-- WORK INSTRUCTION --
Please set down exactly the lines from the one containing "Pure Black: Handyhülle, Stoffband" through the last line of the records below, both included, with no pictures.

(Recorded data)
-=-=-=-=-
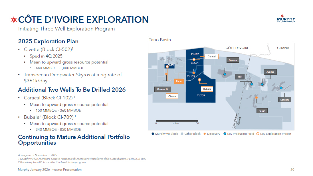 20 20 Murphy January 2026 Investor Presentation CÔTE D’IVOIRE EXPLORATION Tano Basin Murphy WI Block Other Block Discovery Key Producing Field Key Exploration Project Murene 1X CÔTE D’IVOIRE GHANA CI - 102 CI - 531 CI - 103 CI - 709 Baleine Pecan TEN Jubilee Sankofa Paon Civette CI - 502 50 0 miles Caracal Acreage as of November 3, 2025 1 Murphy 90% (Operator), Société Nationale d’Opérations Pétrolières de la Côte d’Ivoire (PETROCI) 10% 2 Bubale replaced Kobus as the third well in the program 2025 Exploration Plan • Civette (Block CI - 502) 1 • Spud in 4Q 2025 • Mean to upward gross resource potential • 440 MMBOE – 1,000 MMBOE • Transocean Deepwater Skyros at a rig rate of $361k/day Additional Two Wells To Be Drilled 2026 • Caracal (Block CI - 102) 1 • Mean to upward gross resource potential • 150 MMBOE – 360 MMBOE • Bubale 2 (Block CI - 709) 1 • Mean to upward gross resource potential • 340 MMBOE – 850 MMBOE Continuing to Mature Additional Portfolio Opportunities Initiating Three - Well Exploration Program Bubale
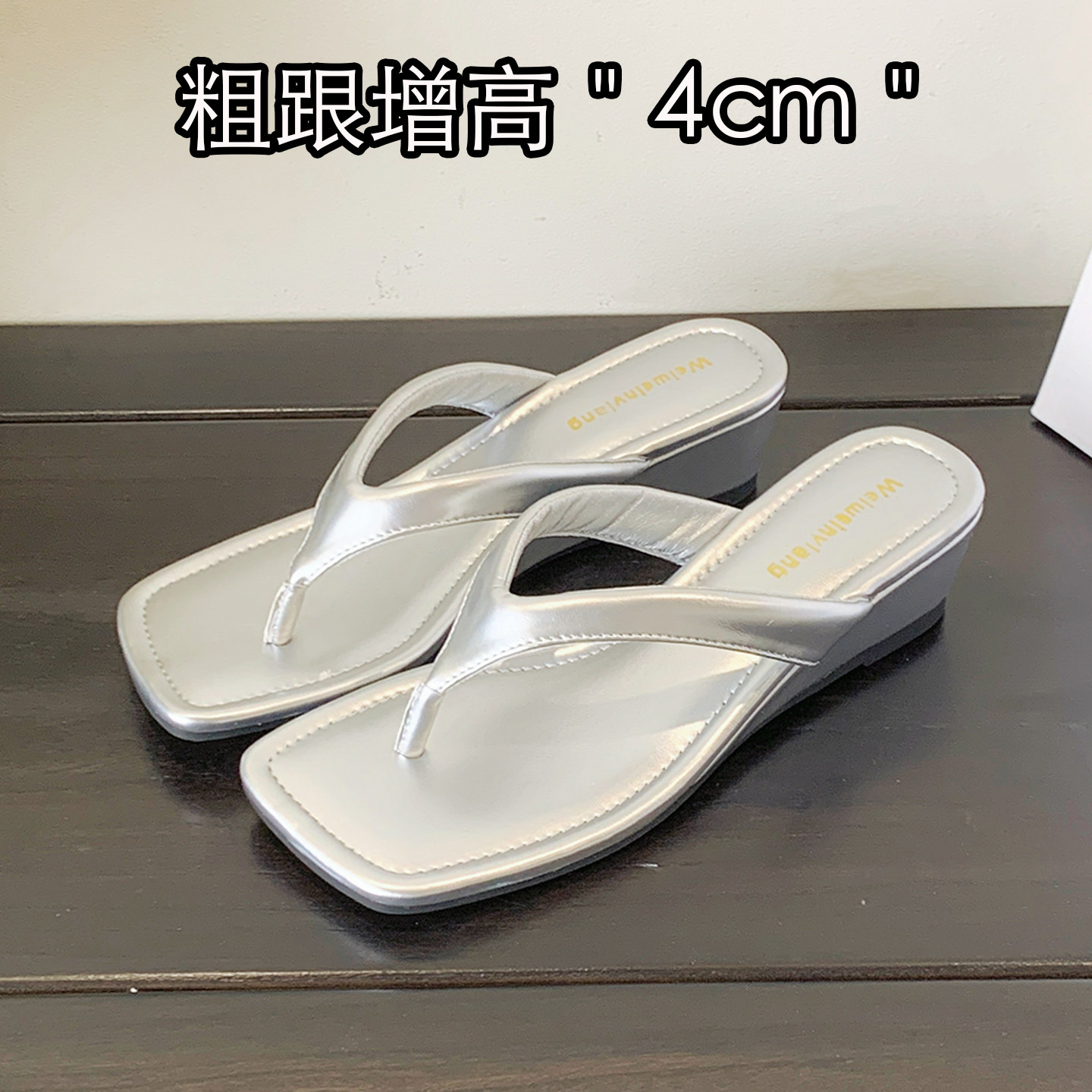 羊皮~银色坡跟人字拖鞋女夏季新款外穿夹趾厚底增高凉拖鞋凉大码
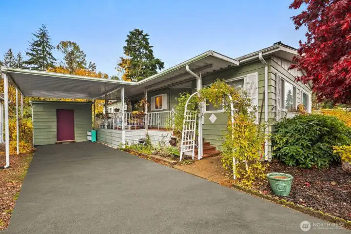 Welcome to your storybook retreat in The Pointe at Lockwood, a pet-friendly 55+ community b/w Bothell & Kenmore! For anyone living their best heritage-inspired life—this home wraps you in charm from the moment you walk in. This bright, remodeled Heirloom-style meets English-cottage gem blends vintage charm with modern comfort. Step inside to fresh walls, crown molding, updated flooring, remodeled baths, skylights & vinyl windows that fill each space with light. Enjoy a breakfast bar & built-in china cabinet for teatime. The covered deck opens to your private gardener’s haven on a peaceful greenbelt. Workshop with power, 2+ car carport, steps to clubhouse, mailboxes & McMenamin’s saltwater pool. If comfort calls to you, this home answers.
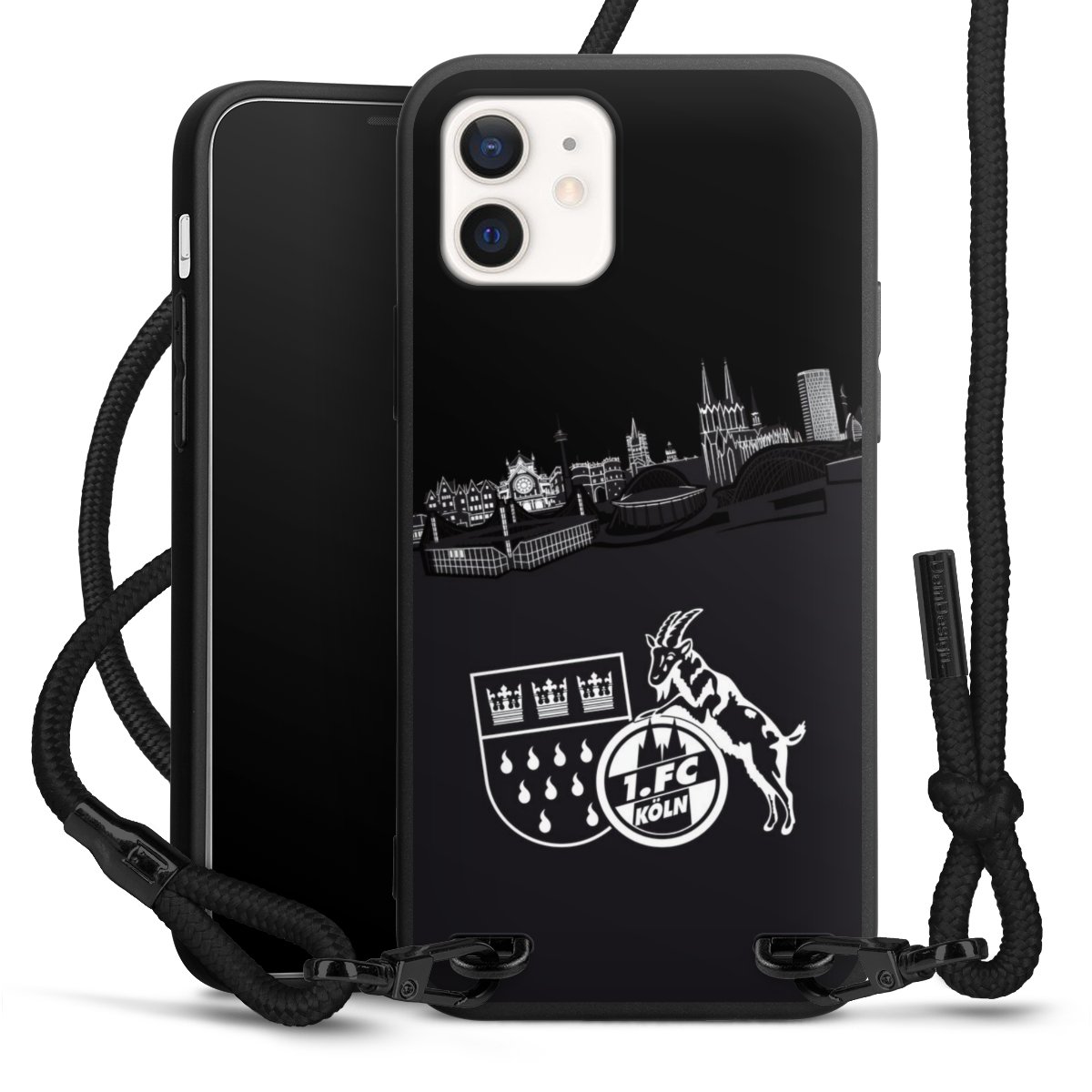 Pure Black: Handyhülle, Stoffband und Metalldetails in stylischem Mattschwarz.
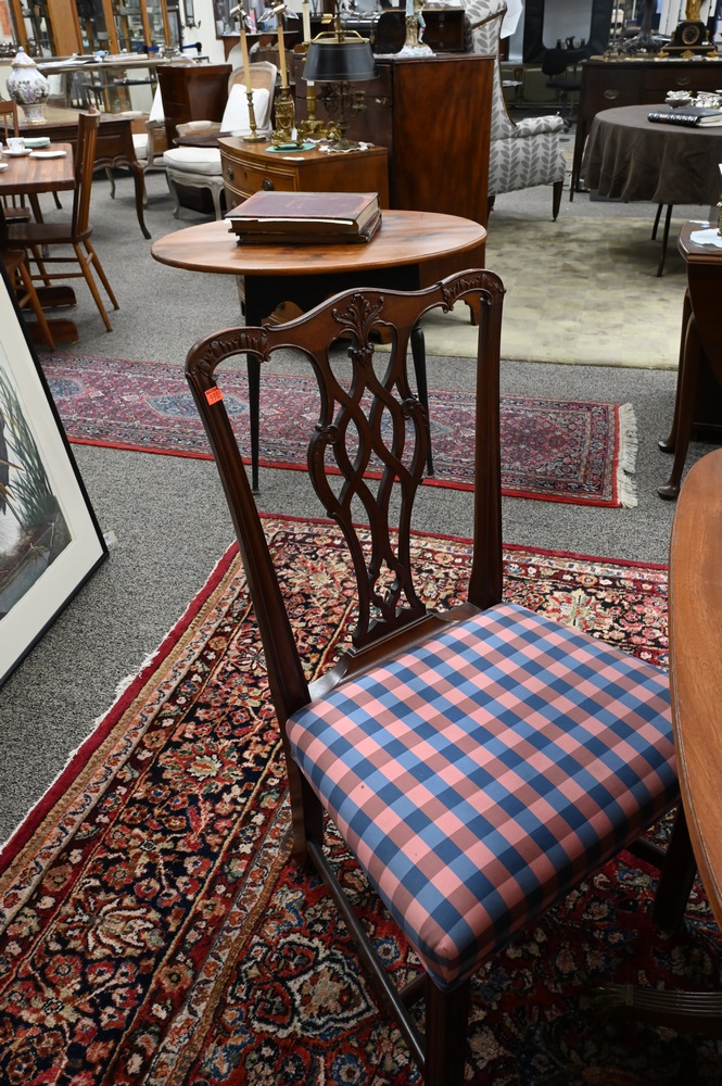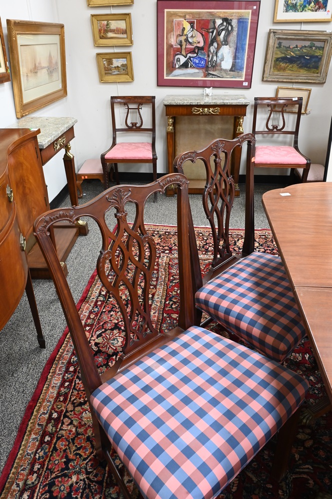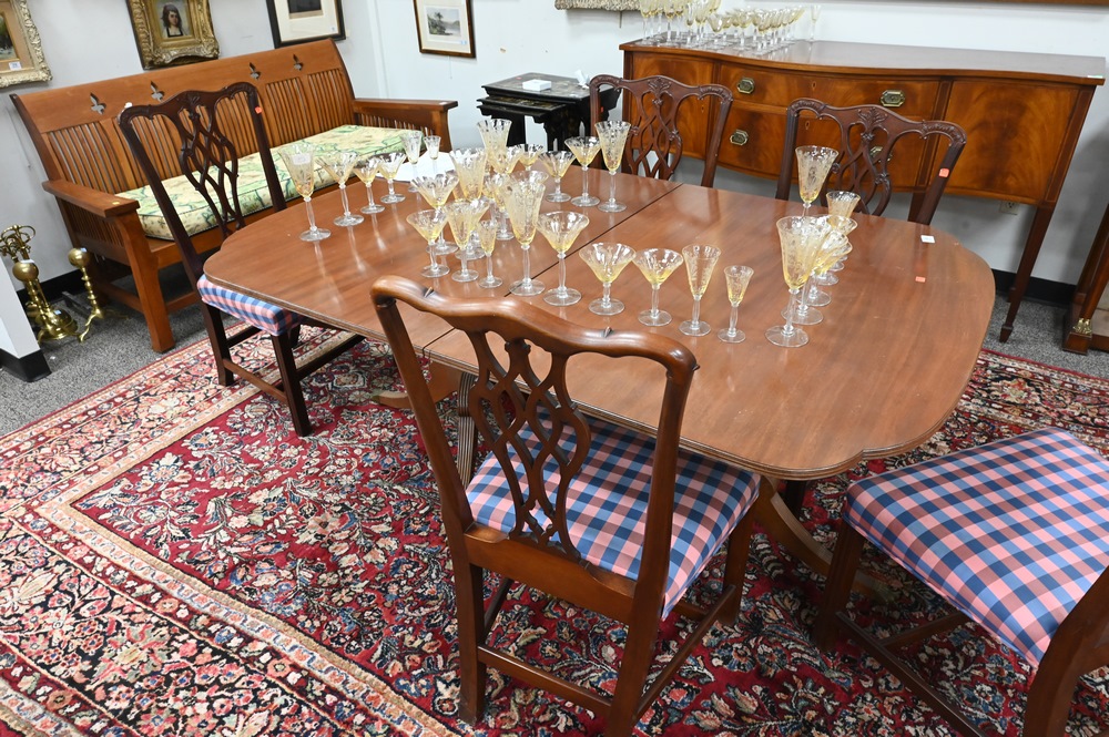Lot 438: Margolis Seven Piece Dining Set, to include six chippendale style chairs with fully upholstered seats and shaped top table on double pedestal base, height 29 inches, along with three 12 inch leaves, opening to 43 x 98 inches, table top 43″ x 62″.
-=-=-=-=-
-- TASK ANSWER --
 Pure Black: Handyhülle, Stoffband und Metalldetails in stylischem Mattschwarz.
Lot 438: Margolis Seven Piece Dining Set, to include six chippendale style chairs with fully upholstered seats and shaped top table on double pedestal base, height 29 inches, along with three 12 inch leaves, opening to 43 x 98 inches, table top 43″ x 62″.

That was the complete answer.